In 2006, after several years of legal efforts, former band members united to regain control of their music and end Hill's 35-year control of their collective efforts. Releasing a "Best of" collection, Harps On Willows, ASFB has established an ongoing musical legacy. The album was honored when selected by Cross Rhythms Magazine as one of the Top 20 CD Releases of 2006 along with releases from Bob Dylan and Switchfoot. "Here's a welcome collating of the best performances from one of America's greatest hippie Christian bands. While bands like Petra and Resurrection Band spent the '70s perfecting a heavy rock'n'roll, ASFB ploughed a bluesier furrow with ace blues guitarist Glenn Schwartz exemplifying his renowned skills. One joy is the fact that they wrote songs that were simple in their message. These are songs to get people to think about the Gospel, an art that seems to be missing in modern Christian music. These recordings are very much of their time so they are a little ragged around the edges production wise but the band certainly fulfilled their ambition to create music that would stop people in their tracks and make them respond to the Gospel."

The 2006 Emmy-nominated documentary, Lonnie Frisbee: Life and Death of a Hippie Preacher, by David Di Sabatino features two songs by the All Saved Freak Band ("Sower" and "My Poor Generation"), and the soundtrack to the documentary also included "Ode To Glenn Schwartz".

==Ministry==
The All Saved Freak Band played throughout the eastern portion of North America and Canada. As guests of the city of New Orleans, they played and testified at Mayor Moon Landrieu's private Mardi Gras reception held at City Hall, playing in Jackson Square and other venues during the day. ASFB also performed at the 1976 Summer Olympics in Montreal, playing as headliners at the Man and His World pavilion. Following a series of concerts at "Spring Break" in Fort Lauderdale, national publications as diverse as Christianity Today, Rolling Stone Magazine and the National Courier began carrying articles about the group.

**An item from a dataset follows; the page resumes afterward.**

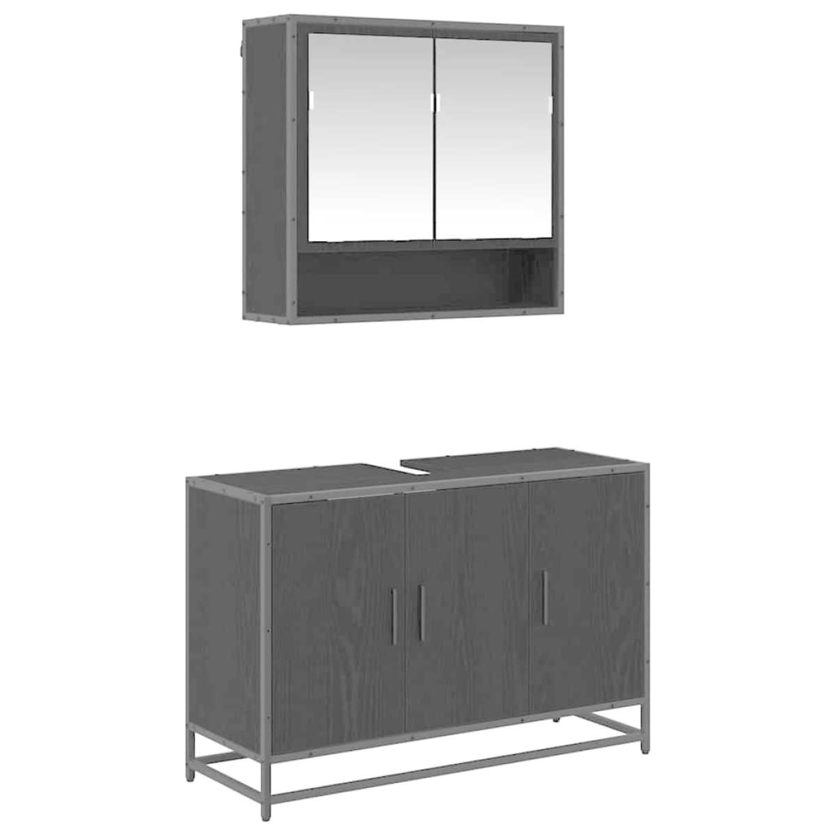 This Modern Bathroom Furniture Set is an elegant addition that combines form and function, enhancing your daily routine with its sleek design and practicality. The set includes both a mirror cabinet and a sink cabinet, both crafted from engineered wood that integrates seamlessly into contemporary interiors. This furniture set not only offers a refined storage solution but also brings an aura of sophistication to your bathroom. With its modern style, characterized by clean lines and simplicity, this set is perfect for those who appreciate minimalist aesthetics in their living spaces. Imagine the ease of access to your essentials, neatly organized and hidden behind flush doors, making your morning and evening routines blissfully efficient. Premium Materials: Constructed with engineered wood, this set boasts durability and a timeless appearance. Engineered wood is celebrated for its stability and resistance to changes in humidity, ensuring long-term satisfaction. Its smooth surface is both visually appealing and easy to maintain, offering a blend of practicality and style. Functional Components: The set includes a spacious mirror cabinet and a functional sink cabinet designed with modern needs in mind. Flush doors and ample shelving cater to diverse storage needs, while the wall-mounted design maximizes floor space, giving a sense of openness and space efficiency in smaller bathrooms. Modern Style and Design: With its clean lines and minimalist ornamentation, this furniture set complements a wide array of bathroom decors. Its modern aesthetic is enhanced by smooth surfaces and understated black metal bar handles, creating a cohesive and balanced look. Versatile Usage: Perfect for bathrooms seeking a contemporary update without sacrificing practicality. Ideal for both homeowners wanting a personal retreat and rental properties aiming to provide style and function to tenants. Care &Maintenance: Ensure your set remains in pristine condition with minimal effort. Simply wipe surfaces with a damp cloth to clean, and avoid harsh chemicals to maintain its finish. Such straightforward care ensures long-lasting use and beauty.

Several of the band members were credentialed ministers, licensed with the Full Gospel Fellowship of Churches and Ministers International in Irving, Texas. With evangelistic fervor, they were obsessively focused on the work of "winning the lost," stressing personal evangelism at all concert events. Indian reservations in Canada, mental institutions in Maine, prisons in Ohio, rotundas and halls of State office buildings, International Exposition Halls, camps of migrant workers, tents at County Fairs, Churches in most states east of the Mississippi, open-air platforms, Music Halls, military bases, colleges, amphitheaters, nursing homes, parking lots, street corners and hay lofts—the band's flexibility allowed it to present a variety of musical expressions best serving the needs of evangelism. Creating their own label, Rock the World Enterprises [changed to War Again on the final recording], the group was entirely self-financed.

==Discography==
- My Poor Generation, 1973 (Rock The World)
- For Christians, Elves, and Lovers, 1976 (Rock The World)
- Brainwashed, 1976 (Rock The World)
- Sower, 1980, (War Again)
- Harps On Willows: Best of the All Saved Freak Band, July 4, 2006 (Hidden Vision)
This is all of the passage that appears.